Дневники Адриана Моула
Шрифт:
– Какого ж ты хрена дрыхнешь в Лидсе под открытым небом?
– спросил тип.
– Папа велел пройти тест на инициативу, - снова соврал я.
– Если выживу, пошлет меня в полицейскую школу.
И с чего это я так разоврался? Зачем? Пришлось выслушивать все его жалобы на полицию и обещать передать их папе. Зовут бродягу Стенли Гиббоне.
Пятница, 1 апреля.
10.00. Лидс. (Прачечная-автомат.)
Слава богу, что существуют прачечные-автоматы.
Не будь они изобретены, я бы давно уже помер от водобоязни. Больше
Высушить спальный мешок стоило целый фунт! Но я так промок и замерз, что в ту минуту на деньги мне было плевать.
Жду, когда проснется пес. Он всю ночь нес караульную службу - оберегал нас обоих от Стенли Гиббонса. Завтра мне шестнадцать. А бороды и не видно.
Суббота, 2 апреля.
Манчестер, железнодорожный вокзал.
Добрался сюда на рыбовозе. По дороге притворялся спящим, чтобы избежать разговора с водителем.

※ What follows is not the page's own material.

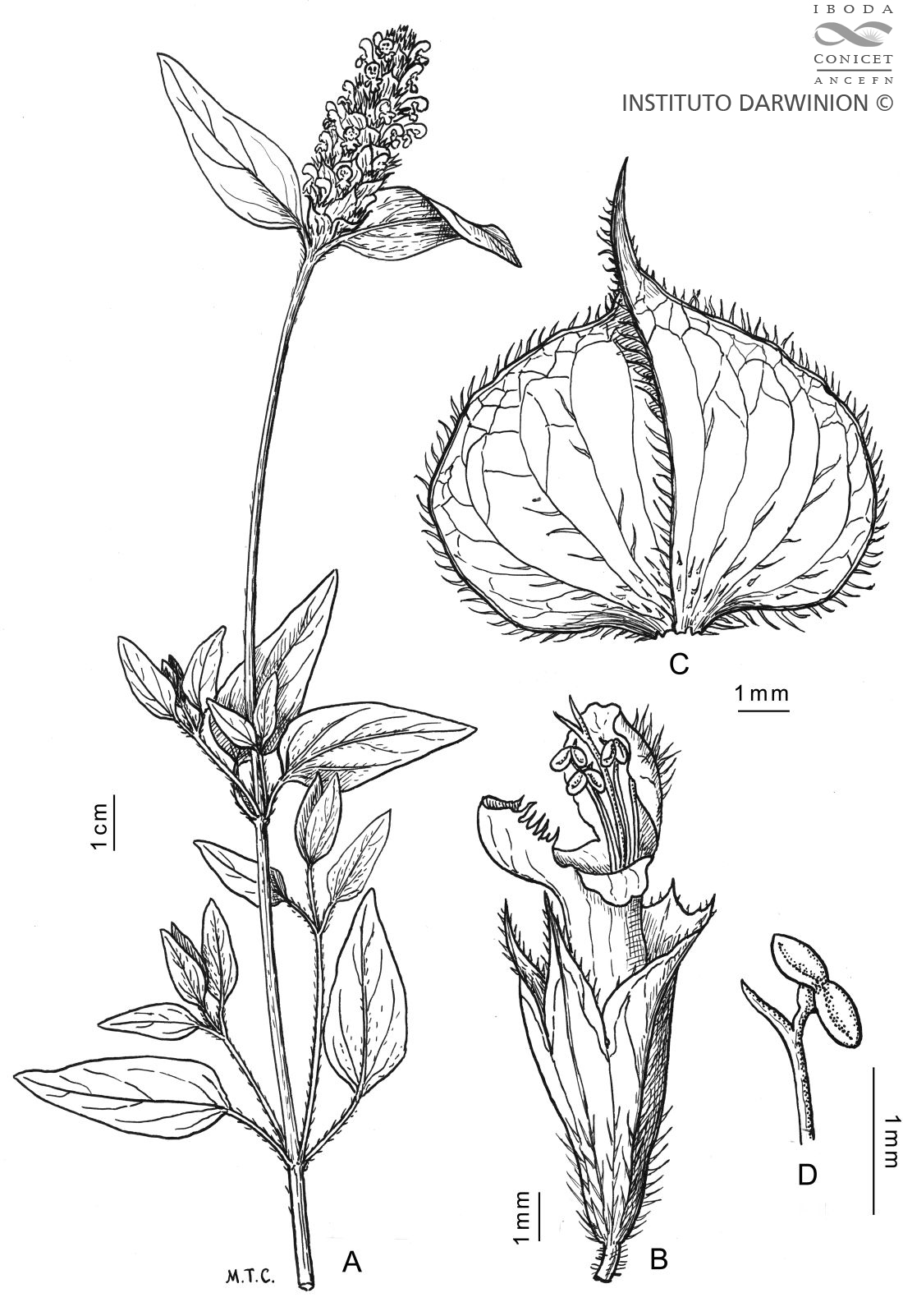 Hierbas perennes, a veces anuales o bianuales, hasta de 60 cm de alto; tallos erectos o decumbentes, a veces rastreros, glabros a pubérulos en la parte superior. Hojas con pecíolo de 0,5-2,5 cm de largo, las superiores sésiles o subsésiles; lámina ovada de 1-5 × 0,5-2,5 cm, base atenuada o truncada, ápice agudo, margen liso, a veces algo serrado, glabras a pubérulas. Inflorescencias formadas por verticilastros 6-floros, reunidos en pseudoespigas terminales densas de 2-6 cm de largo, entrenudos breves; brácteas imbricadas, sésiles, anchamente ovadas, de 5- 10 × 5-15 mm, ápice acuminado, margen ciliado, retinervadas. Cáliz bilabiado de 5-12 mm de largo, velloso en la mitad inferior, labio superior ciliado a lo largo de 2 pequeñas alas laterales, margen hispídulo, dientes breves o algo aristados, labio inferior con 2 dientes muy agudos; corola de 7-12 mm de largo, púrpura, violeta, rojiza o blanca, tubo poco exerto, labio superior glabro o algo piloso, entero a emarginado; estambres superiores de 1-3 mm de largo, los inferiores de 2-8 mm de largo. Clusas ovoides, ca. 1,8 mm de largo, trígonas, apículo recto, cara ventral con conspicua línea castaño-rojiza.

10.31. Интересно, что родители мне купили на день рождения? Надеюсь, они не очень переживают. Надо бы им звякнуть, сообщить, что я здоров и счастлив.
12.15. Сердитая официантка выставила нас из вокзального буфета. Пес-идиот виноват. Все лез за прила-вок, клянчил кусочек ветчины. Будто я ему утром не покупал целый бутерброд с ветчиной.
15.00. А с днем рождения никто меня и не поздравил.
15.05. Я не здоров (простудился) и не счастлив. Наоборот, я очень и очень несчастлив.
17.30. Купил себе поздравительную открытку. Написал:
Нашему дорогому первенцу в день его шестнадцатилетия. Со всей любовью, на которую только способны любящие родители.
P. S. Сынок, вернись! Без тебя наш дом пуст и мрачен!
18.15. В шестичасовом выпуске новостей обо мне опять ни слова.
19.30. Об еще одной ночи на улице и подумать страшно.
21.00. Скамейка в парке.
Спрашивал время у троих полицейских подряд, но ни
один не признал во мне беглеца. Ясно, что никто и не думал сообщить в полицию мои приметы.
21.30. Только что, изменив голос, позвонил в полицию сам. Сказал:
– У центра переливания крови болтается Адриан Моул, шестнадцати лет, сбежавший из дому. Приметы: недостаточно рослый для своего возраста, тощий, волосы редкие, запаршивевшая кожа. Одет в зеленый форменный школьный блейзер, оранжевые непромокаемые брюки, голубую рубашку, вязаную ша'почку-шлем и коричневые башмаки. При нем пес-дворняга. Приметы пса: среднего роста, волосатая морда, косит левым глазом, на нем ошейник из пледовой ткани и такой же поводок.
Дежурный ответил:
– Первое апреля уже прошло, сынок.
22.00. Ждал у центра переливания крови, но ни один полицейский так и не появился. Их ведь вечно нет, когда нужно.
23.39. Двадцать четыре раза обходил вокруг полицейского участка, но никто из этих кретинов в синих мундирах на меня и не взглянул.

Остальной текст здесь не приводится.